In Europa gab es im vergangenen Monat große Temperaturschwankungen: Ein Beispiel ist Göttingen. Die Stadt stellte einen neuen Rekord auf von fast minus 24 Grad Celsius am 14. Februar auf plus 18 Grad weniger als eine Woche später.

Was sind Zeichen für den Klimawandel?

Sind Temperaturschwankungen ein Zeichen für den Klimawandel? Auf diese Frage antwortet Daniela Domeisen, Professorin für Atmosphärische Vorhersagbarkeit am Institut für Atmosphäre und Klima der ETH Zürich:

"Die Schwankungen selbst sind wahrscheinlich nicht dem Klimawandel zuzurechnen. Die Kälte, die wir Anfang Februar verzeichneten, war vor allem ein Zeichen des Polarwirbels. Sobald dieser Einfluss weg war, sind wir wieder zu normalen Temperaturen zurückgekehrt - sogar zu Temperaturen, die über den normalen liegen, denn sie sind das eigentliche Zeichen des Klimawandels."

Baumplantagen in Norditalien

Diesen Monat gab die EU die Planung bekannt, bis 2030 drei Milliarden Bäume pflanzen zu wollen. Damit will man die Artenvielfalt fördern. Viele unserer Zuschauer wollten wissen, ob das Pflanzen von Bäumen ein effektives Mittel zur Bekämpfung des Klimawandels ist. Euronews-Reporter Jeremy Wilks fuhr nach Norditalien, um der Frage nachzugehen:

In der Nähe von Cremona beginnen die Bäume auszuschlagen. Bis zum Herbst werden sie jetzt jeden Tag CO2 aus der Atmosphäre binden, erklärt Diego Florian vom "Forest Stewardship Council" (FSC Italia):

"Hier in diesem kleinen Blatt passiert ein Wunder. Dank des Sonnenlichts und des Kohlendioxids in der Luft wächst der Baum, er verwandelt das Kohlendioxid in Holz und wird wachsen."
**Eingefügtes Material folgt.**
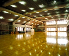 本格的な設備の体育館。スプリング内蔵の床で、ひざや腰への負担を軽減します。

Die CO2-Menge, die in einem Baum gespeichert ist, lässt sich relativ einfach berechnen. Parkmanager Fabrizio Malaggi demonstriert es. Ein Baum in der gemessenen Größe speichert etwa eine Tonne CO2. Wie viele neue Bäume müsste man pflanzen, um seine CO2-Emissionen auszugleichen?

"Wir wissen, dass ein europäischer Bürger im Durchschnitt zwischen 5 und 7 Tonnen CO2 pro Jahr ausstößt. Um das zu kompensieren, müssten also theoretisch fünf bis sieben Bäume pro Person gepflanzt werden", so Fabrizio Malaggi, technischer Manager im Parco Oglio Sud.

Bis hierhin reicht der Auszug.